Interview: On Constant Alert

Christina McCrone from Cleveland, OH shares with us her experience with multiple food allergies. 

Austin: What type of food allergies (FA) or food sensitivities (FS) do you have?
Christina: I have a shellfish (including mussels and clams) allergy. I am also lactose intolerant, and allergic to avocado.

Austin: Did you self-diagnose your FA/FS or did you get a diagnosis from a doctor?
Christina: For the shellfish allergy, once I had a reaction, I got tested. For the lactose intolerance, I told my doctor of my stomach issues, they did nothing for me. I figured it out on my own by keeping track of what I was eating when I got sick. With the avocado, I asked my doctor if I could get tested because my mouth and throat would itch when eating, I was told there was no test for that and to stay away from it.

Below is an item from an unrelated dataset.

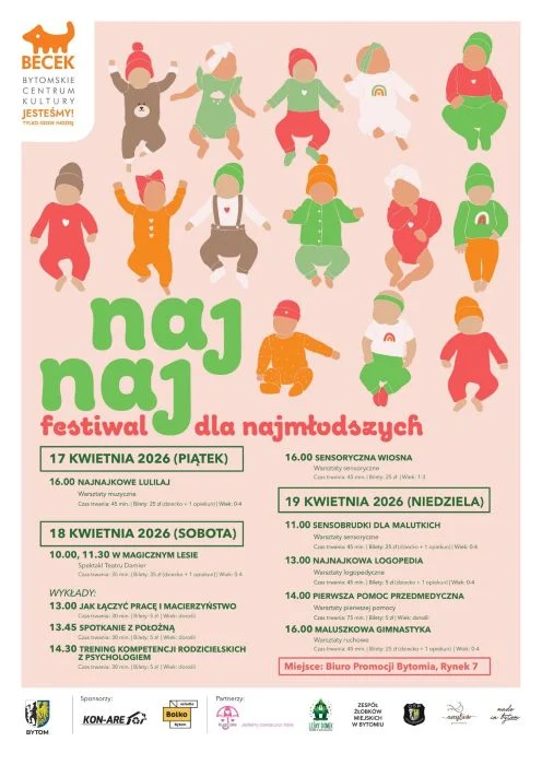 Już w piątek 17 kwietnia w Biurze Promocji Bytomia przy Rynku 7 rozpocznie się Naj Naj Festiwal, czyli trzydniowe wydarzenie przygotowane z myślą o najmłodszych dzieciach i ich opiekunach. W programie znalazły się warsztaty sensoryczne, muzyczne, logopedyczne i ruchowe, spektakl teatralny, zajęcia z pierwszej pomocy oraz wykłady dla rodziców. Festiwal potrwa do niedzieli 19 kwietnia.

Austin: How does having a FA/FS affect your life?
Christina: It makes it hard. You have to constantly be on alert everywhere you go. I am legally blind, which makes it even harder. I have developed panic attacks that start when I eat away from home which makes it hard sometimes to tell if I am having a reaction. A lot of times I eat before going to an event.

Austin:When was the last time you had a food allergy reaction and how did that make you feel?
Christina: I have reactions at least once a week because I still do not have control over the lactose intolerance. It ruins whatever is going on at the time for me. 

Austin: How often do you dine out versus eat at home? For example, how many meals per week/month do you eat out?
Christina: After my shellfish allergy diagnosis about 10 years ago I quit eating out. My trust in other people for my life over eating food is gone, I am trying to slowly get out again. I have certain places I trust. Shellfish free places are my new best friend. I try to go out at least twice a month.

Austin: Do you feel nervous when you do eat out? What are your ‘go to’ dishes when you do dine out?
Christina: Yes! I try to go to shellfish free places. I am slowly trying to go to places that have it on the menu. My go to dishes are breakfast. I am shellfish safe with breakfast items I tend to get that even for dinner if I’m at a place I do not trust.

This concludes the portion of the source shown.